Summary of COPD (Emphysema and Chronic bronchitis) Treatment Guidelines
Summary of COPD (Emphysema and Chronic bronchitis) Treatment Guidelines

The management of patients with COPD is based on knowledge of the degree of obstruction, the extent of disability, and the reversibility of the patient’s illness. The extent of the airways obstruction and the potential to reverse this is key as there is a chance that treatment may be effective in improving the overall disability. Emphysema, however, is an irreversible process and so the prevention of its progression and the avoidance of acute infections are the main approach to management.

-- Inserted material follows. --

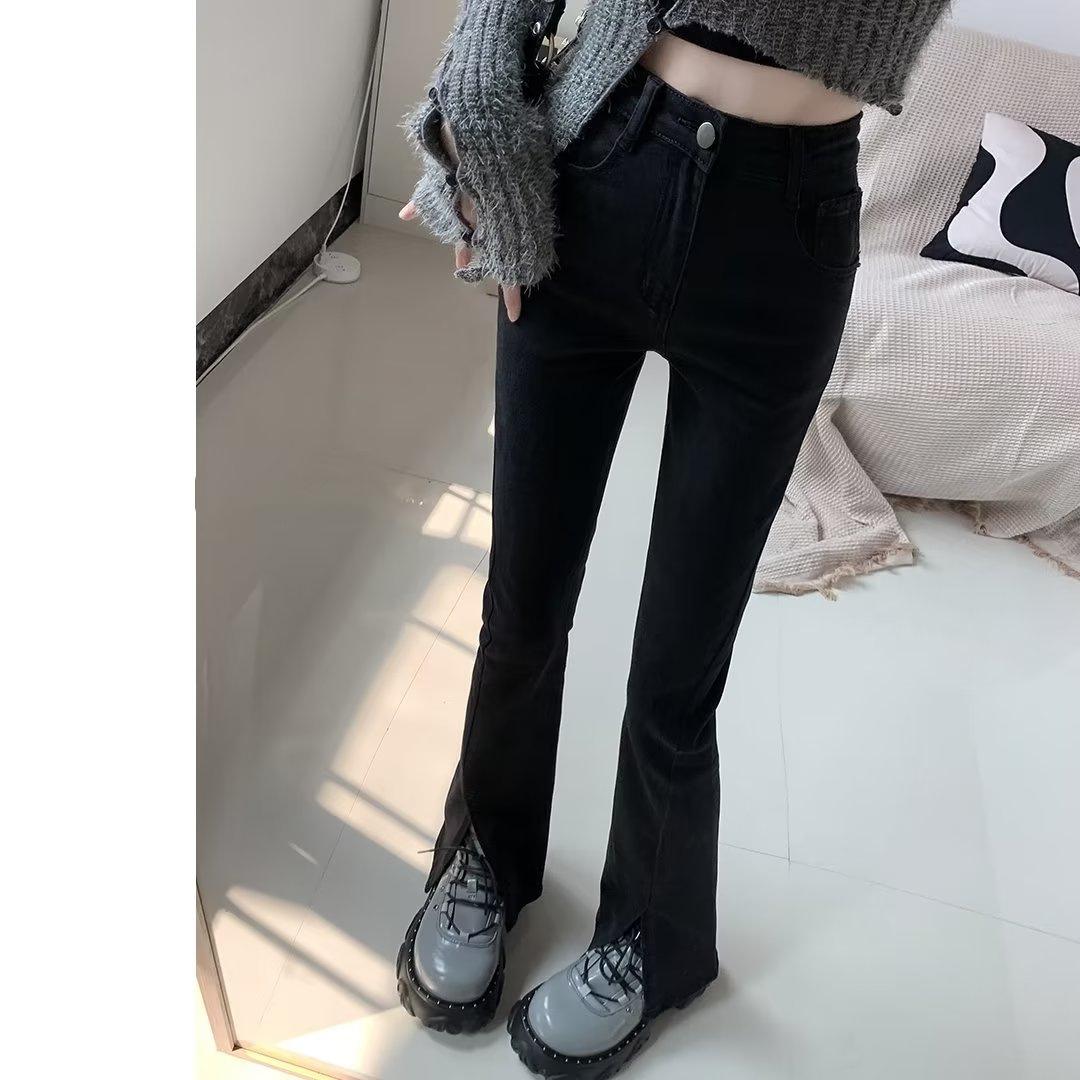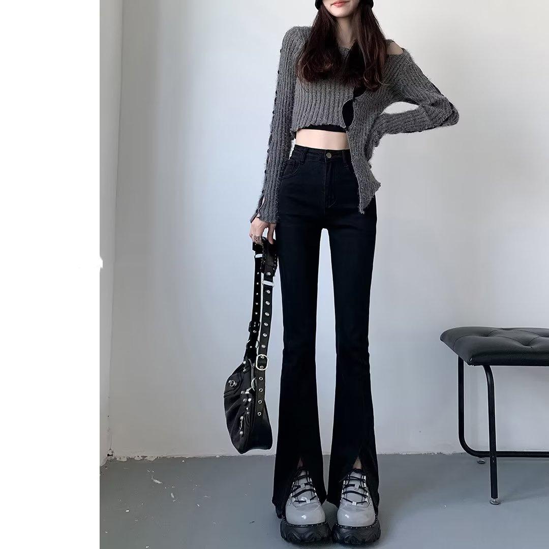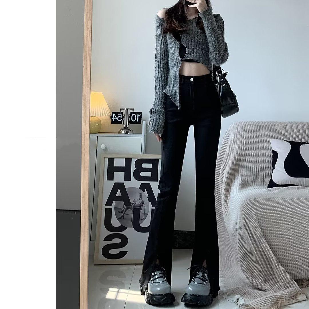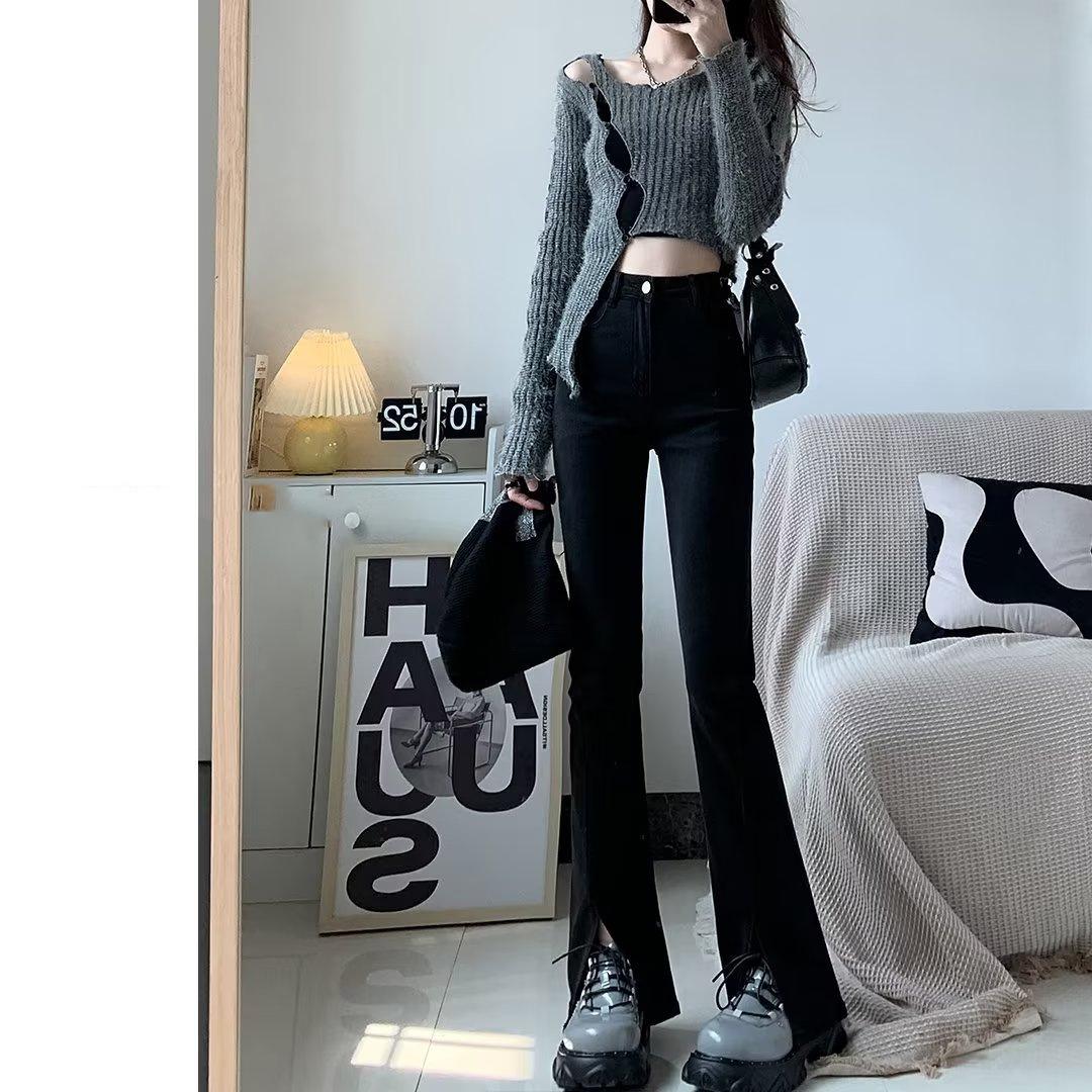 Jeans Rectos Negros con Abertura Edición Estrecha para Mujer Primavera y Otoño 2025 Nuevos Cintura Alta Adelgazantes Pantalones de Pierna Ancha Pequeños

Treatment strategies for COPD are varied, and a multidisciplinary approach to the patient is often required. A treatment plan should consider the following:

  • Stopping cigarette smoking.
  • Education of the patient about the disease.
  • Relief of bronchospasm.
  • Chest physical therapy.
  • Treatment of acute exacerbations.
  • Treatment of cor pulmonale: if appropriate.
  • Home oxygen therapy: when indicated.

A trial of bronchodilator drugs is warranted in all patients with COPD. Although treatment follows a similar pattern to that seen in asthma, there are some differences.

Inhaled antimuscarinic bronchodilators (e.g., ipratropium) are considered first choice in COPD, often combined with a short-acting β2 agonist.

Oral corticosteroids or high-dose inhaled steroids play an important role in a small minority of patients (perhaps 10-15%) who respond to a corticosteroid trial. This usually consists of 3 weeks of prednisone at 30-40 mg/day with appropriate monitoring of the peak flow.

Infective exacerbations of COPD are treated with broad-spectrum antibiotics such as amoxicillin, trimethoprim, or tetracycline, aiming to cover the likely pathogens (pneumococci and Haemophilus influenzae).

Effects of Medications Used in Asthma and COPD
Effects of Medications Used in Asthma and COPD

Long-term administration of oxygen (at least 15 hours daily) may prolong survival in patients with severe COPD with cor pulmonale. Guidelines suggest that this treatment should be provided for patients who fulfil the following criteria:

  • Ambulatory oxygen saturation monitoring <88% or partial pressure of oxygen (pO2) <55 mmHg.
  • FEV1 <1.5 L and FVC (forced vital capacity) <2 L.

Blood gas measurements should be stable on two occasions at least 3 weeks apart after the patient has received appropriate bronchodilator therapy. Increased respiratory depression is seldom a problem in patients with stable respiratory failure treated with low concentrations of oxygen, although it may occur during exacerbations.

Patients and relatives should be warned to call for medical help if drowsiness or confusion occur. Oxygen concentrators, rather than cylinders, are more economical for patients requiring oxygen for long periods and are now used routinely.

Less information is available on long-term oxygen in patients with a similar degree of hypoxemia and airflow obstruction but no hypercapnia. The current advice is that these patients should not be denied home oxygen, but the effects of long-term therapy have not yet been fully assessed.